Segment Start: SOURCE MATERIAL

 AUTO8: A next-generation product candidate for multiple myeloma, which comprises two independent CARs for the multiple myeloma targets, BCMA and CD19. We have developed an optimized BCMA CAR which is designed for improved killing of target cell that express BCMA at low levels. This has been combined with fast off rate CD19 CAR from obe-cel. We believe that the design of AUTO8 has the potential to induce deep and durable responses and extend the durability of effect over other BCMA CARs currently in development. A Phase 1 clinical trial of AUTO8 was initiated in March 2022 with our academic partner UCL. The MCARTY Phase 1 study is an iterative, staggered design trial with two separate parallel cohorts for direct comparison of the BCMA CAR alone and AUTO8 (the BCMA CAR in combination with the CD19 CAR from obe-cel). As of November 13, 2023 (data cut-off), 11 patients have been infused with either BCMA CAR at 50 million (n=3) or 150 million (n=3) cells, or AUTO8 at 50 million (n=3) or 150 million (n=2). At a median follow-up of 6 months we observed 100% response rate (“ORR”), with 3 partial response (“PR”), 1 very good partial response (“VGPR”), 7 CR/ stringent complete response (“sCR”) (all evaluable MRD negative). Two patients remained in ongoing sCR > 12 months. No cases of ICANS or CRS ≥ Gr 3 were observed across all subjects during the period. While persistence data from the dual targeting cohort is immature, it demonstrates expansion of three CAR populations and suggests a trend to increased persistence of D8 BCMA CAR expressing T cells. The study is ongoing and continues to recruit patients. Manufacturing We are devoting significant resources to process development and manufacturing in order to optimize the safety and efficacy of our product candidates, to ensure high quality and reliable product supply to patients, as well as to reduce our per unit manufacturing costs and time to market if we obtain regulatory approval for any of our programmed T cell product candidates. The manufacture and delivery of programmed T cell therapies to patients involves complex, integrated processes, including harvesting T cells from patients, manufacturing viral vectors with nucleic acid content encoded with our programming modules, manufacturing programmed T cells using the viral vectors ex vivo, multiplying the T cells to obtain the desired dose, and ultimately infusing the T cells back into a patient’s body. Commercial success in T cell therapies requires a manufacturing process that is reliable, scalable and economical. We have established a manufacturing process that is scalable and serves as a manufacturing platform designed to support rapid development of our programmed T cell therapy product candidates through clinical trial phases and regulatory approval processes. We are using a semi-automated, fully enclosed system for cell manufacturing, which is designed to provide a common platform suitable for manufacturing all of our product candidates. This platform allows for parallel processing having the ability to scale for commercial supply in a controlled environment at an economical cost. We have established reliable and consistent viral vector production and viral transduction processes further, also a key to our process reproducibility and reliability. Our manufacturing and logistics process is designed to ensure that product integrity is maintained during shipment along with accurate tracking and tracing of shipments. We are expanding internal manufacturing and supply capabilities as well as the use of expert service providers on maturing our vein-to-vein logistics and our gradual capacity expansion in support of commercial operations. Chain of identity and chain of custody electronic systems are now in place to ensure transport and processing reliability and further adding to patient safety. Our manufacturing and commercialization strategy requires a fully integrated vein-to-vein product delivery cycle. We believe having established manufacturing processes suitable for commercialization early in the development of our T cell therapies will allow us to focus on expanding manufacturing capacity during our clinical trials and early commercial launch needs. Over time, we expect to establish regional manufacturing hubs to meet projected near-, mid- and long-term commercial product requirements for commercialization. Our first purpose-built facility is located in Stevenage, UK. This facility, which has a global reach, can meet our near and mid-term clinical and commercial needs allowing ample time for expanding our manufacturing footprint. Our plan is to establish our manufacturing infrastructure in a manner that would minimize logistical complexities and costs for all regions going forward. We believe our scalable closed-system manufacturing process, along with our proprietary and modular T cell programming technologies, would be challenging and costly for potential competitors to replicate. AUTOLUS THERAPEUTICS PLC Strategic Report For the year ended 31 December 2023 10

Segment End: SOURCE MATERIAL
Segment Start: SOURCE MATERIAL

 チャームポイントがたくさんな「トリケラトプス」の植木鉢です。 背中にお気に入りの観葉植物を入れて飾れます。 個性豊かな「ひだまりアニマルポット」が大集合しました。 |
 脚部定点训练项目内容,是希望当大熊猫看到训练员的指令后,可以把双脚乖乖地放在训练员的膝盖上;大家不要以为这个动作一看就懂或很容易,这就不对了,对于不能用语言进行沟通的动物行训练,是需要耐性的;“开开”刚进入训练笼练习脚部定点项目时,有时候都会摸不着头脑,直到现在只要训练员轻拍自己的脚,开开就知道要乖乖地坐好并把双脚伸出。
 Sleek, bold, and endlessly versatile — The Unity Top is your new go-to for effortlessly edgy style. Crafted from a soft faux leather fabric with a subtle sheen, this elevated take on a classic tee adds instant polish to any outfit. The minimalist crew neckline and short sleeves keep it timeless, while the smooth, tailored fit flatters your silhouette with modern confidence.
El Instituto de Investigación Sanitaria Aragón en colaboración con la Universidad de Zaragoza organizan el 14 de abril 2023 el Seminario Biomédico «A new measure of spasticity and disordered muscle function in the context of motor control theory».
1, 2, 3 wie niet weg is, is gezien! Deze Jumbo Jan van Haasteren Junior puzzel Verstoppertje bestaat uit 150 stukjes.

Segment End: SOURCE MATERIAL

▶ _WORK TO BE COMPLETED_:
Search the listing above for the lines with "背中にお気に入りの観葉植物を入れて飾れます。 個性豊かな「ひだまりアニマルポット」が大集合しました。 |" and "Sleek, bold, and", then output those lines and all lines between them exactly.

▶ _ANSWER SECTION_:
 チャームポイントがたくさんな「トリケラトプス」の植木鉢です。 背中にお気に入りの観葉植物を入れて飾れます。 個性豊かな「ひだまりアニマルポット」が大集合しました。 |
 脚部定点训练项目内容,是希望当大熊猫看到训练员的指令后,可以把双脚乖乖地放在训练员的膝盖上;大家不要以为这个动作一看就懂或很容易,这就不对了,对于不能用语言进行沟通的动物行训练,是需要耐性的;“开开”刚进入训练笼练习脚部定点项目时,有时候都会摸不着头脑,直到现在只要训练员轻拍自己的脚,开开就知道要乖乖地坐好并把双脚伸出。
 Sleek, bold, and endlessly versatile — The Unity Top is your new go-to for effortlessly edgy style. Crafted from a soft faux leather fabric with a subtle sheen, this elevated take on a classic tee adds instant polish to any outfit. The minimalist crew neckline and short sleeves keep it timeless, while the smooth, tailored fit flatters your silhouette with modern confidence.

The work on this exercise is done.